If we wanted to only run 1 instance of the program, we could transfer ownership of the ELF memory to the user mode program. We can crate pages that point to the existing frames that Limine put the module in. Then we would not have to copy any memory. But remember, we would be transferring ownership of the Limine module, and letting the user mode program to modify it.

If we want to run multiple instances of the program, we can create pages that point to the read-only segments of the ELF, while creating new frames for RW segments and copying the data from the ELF to the new frames. This way, all read-only segments can be shared between all instances of the program, while still isolating each instance so it cannot corrupt the ELF for the other instances.

The program that we are going to spawn is similar to PID 1 on Linux. We won't need to create multiple instances of it, so we can consume the Limine module instead of copying it. To make sure that we don't try to use the module after consuming it, we can store a global variable in the kernel:

static CONSUMED_USER_MODE_PROGRAM_0: AtomicBool = AtomicBool::new(false);

and then first thing inside the run_program_0 fn:

let previously_consumed = CONSUMED_USER_MODE_PROGRAM_0.swap(false, Ordering::Relaxed);
assert!(!previously_consumed);

Now let's start loading!

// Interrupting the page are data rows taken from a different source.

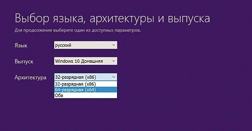 Установочный носитель с Windows 10 позволяет перейти с 32-битной на 64-разрядную архитектуру. Установку при этом необходимо выполнить в тот же раздел (см. справа), который у всех может быть разным.
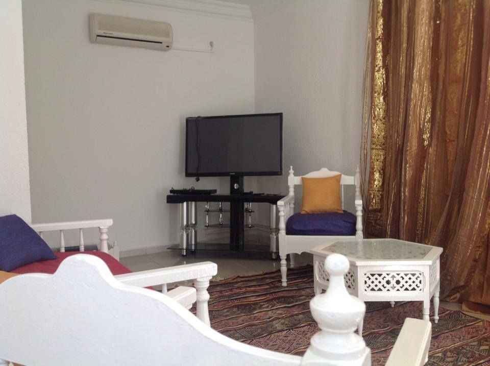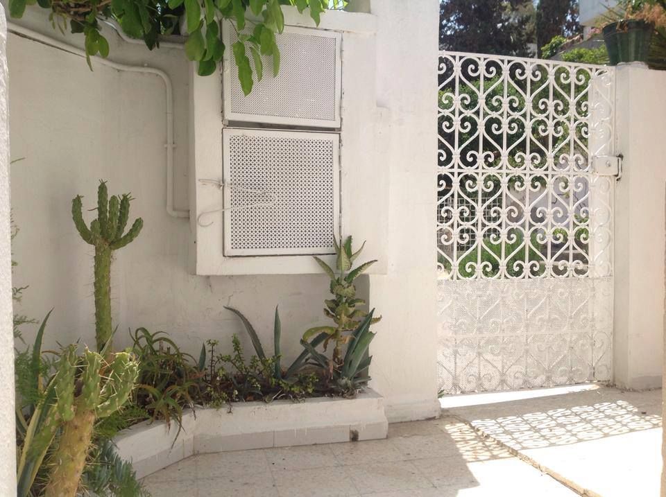 Nous proposons à la location, à La Marsa Corniche, à 50 mètres de la plage, à proximité de l’hôtel Plaza Corniche, d'un lycée Français et de toutes commodités, au sein d'un quartier résidentiel très calme et d'excellent voisinage, une maisonnette plein pied style arabesque, semi meublée, composée d'un salon meublé avec plasma, une chambre à coucher meublée d'un lit 2 places et un dressing, une cuisine équipée( gaz, réfrigérateur, rangements etc) une seconde pièce vide, une salle de bain et une vaste jolie terrasse.
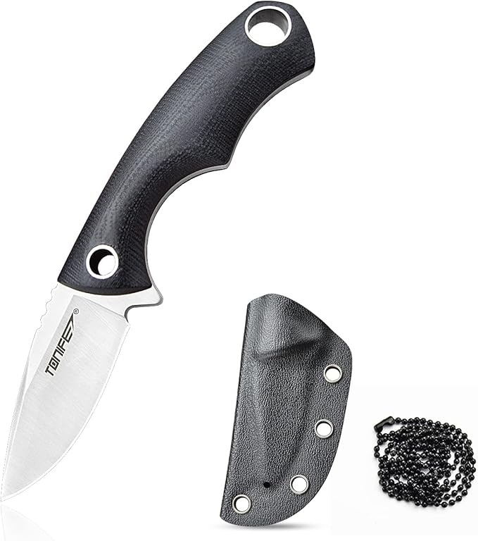 TONIFE Neck Knife Mini Outdoor Survival Fixed Blade Knife, EDC High Hardness Sharp Blade 1.7'' Portable Neck with Kydex Sheath and Ball Chain (black)
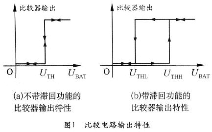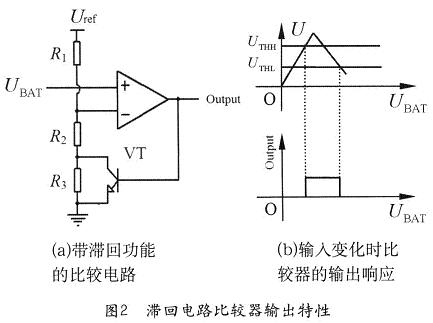但如果在比較電路中設(shè)置兩個(gè)門(mén)限電壓:UTHH和UTHL(UTHH>UTHL),則可以形成一個(gè)滯回區(qū),如圖1(b)所示。當(dāng)電池電壓從低升高至UTHH時(shí),比較器輸出高電平,打開(kāi)電子開(kāi)關(guān),給負(fù)載供電;當(dāng)電池電壓降低至UTHL時(shí),比較器輸出低電平,斷開(kāi)負(fù)載。這個(gè)時(shí)候電池端電壓雖然會(huì)迅速升高至UTHL以上,但由于達(dá)不到UTHH,所以,比較器仍然輸出低電平,負(fù)載仍被斷開(kāi),直到電池被充電后電壓升高至UTHH以上才能再次接通負(fù)載。這樣就避免了電路的振蕩,保護(hù)了負(fù)載和電池。
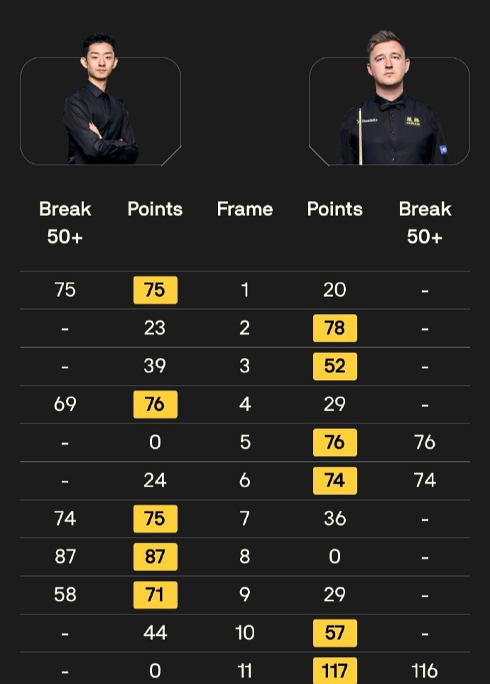 接下来的第9局,多次上手,希金斯63-43分按下。第十局,希金斯打出来了单杆70分,以79-40的比分赢下比赛。第十一局,老张打出来了单杆57分,以72-18的比分赢下比赛。

Quick instructions on how we are supposed to load a segment:

Copy (or move) p_filesz bytes to virtual memory starting at p_vaddr
Set following (p_memsz - p_filesz) bytes to 0
Use memory protection features to enforce the flags

An important thing to note is that p_memsz can be > p_filesz. This is so that the ELF doesn't need to include a bunch of contiguous 0s. The ELF loader (that's the code we will write) must fill in 0s there. And technically p_memsz can be so much greater than p_filesz that we have to allocate new pages in addition to the pages occupied by the ELF file.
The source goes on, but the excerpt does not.